== Records
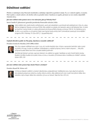 Vzdělání posiluje vaši schopnost sloužit Pánu. Uschopňuje vás k tomu, abyste žehnali druhým, zejména své rodině. Čím více se toho naučíte, tím lépe budete moci pomáhat budovat Boží království a být ve světě pozitivním vlivem. (Pro posílení mládeže: Průvodce rozhodováním [2022], 31–32)
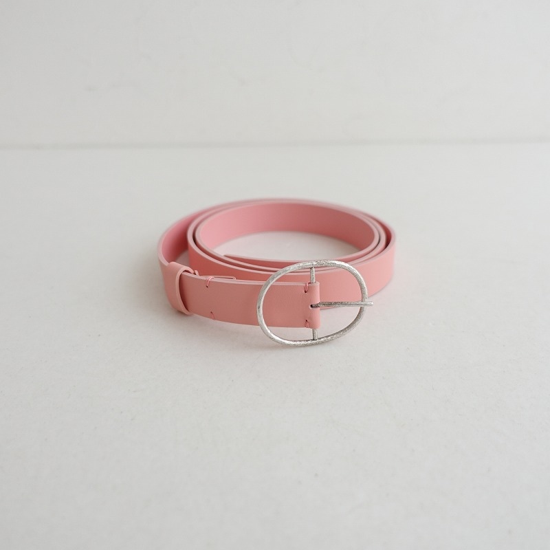カラーなど:mina perhonenのoval レザーベルト です。カラーはピンクでたまごのような楕円形のバックルのついたベルトです。真鍮を彫ったバックルは、表情をあえて残しクラフト感のある仕上がりになっております。
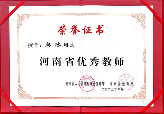 近日,河南省人力资源和社会保障厅、河南省教育厅公布了2025年度“河南省优秀教师”评选结果,公司韩冰教授荣获该荣誉称号。这一荣誉是对韩冰教授个人师德师风、教学水平和科研成就的高度认可。
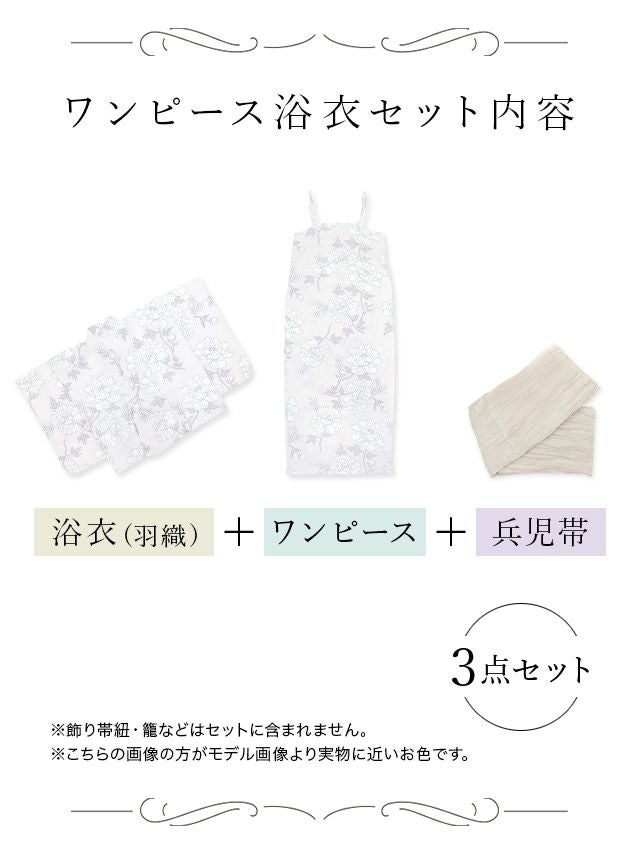 \浴衣羽織+ワンピース+兵児帯 3点セット/
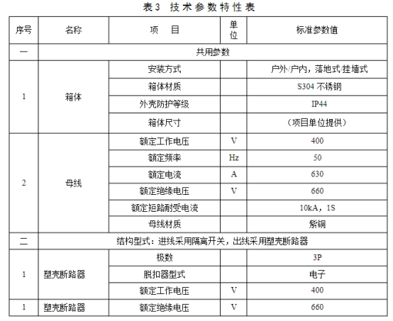 低壓smc電纜分支箱技術(shù)參數(shù)特性見表3
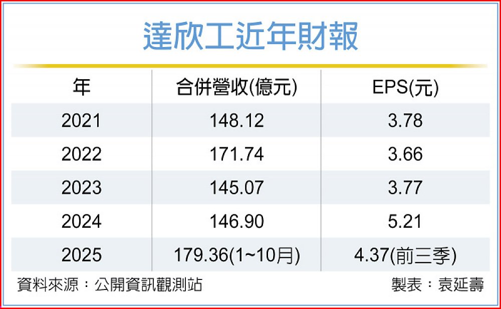 達欣工今年前十月合併營收179.36億元,已創同期新高,年增48.24%。法人估,除有營造工程入帳,達欣工還有新建案開發挹注,預期今年全年營收有創歷年高峰的實力。
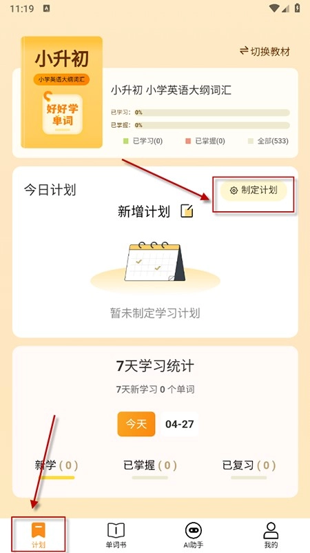 3、进入【计划】板块,你可以根据自己的情况自定义每日的单词背诵数量,按照适合自己的节奏来,就不会感到压力过大。
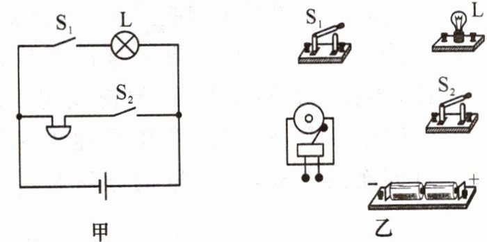 4. 根据电路图甲,请用笔画线代替导线连接实物图乙。
====
• Your assignment:
The answer should consist only of the lines from the line with "3、进入【计划】板块,你可以" through the last line of the data, repeated exactly; pictures stay out.

• Problem solution:
 3、进入【计划】板块,你可以根据自己的情况自定义每日的单词背诵数量,按照适合自己的节奏来,就不会感到压力过大。
 4. 根据电路图甲,请用笔画线代替导线连接实物图乙。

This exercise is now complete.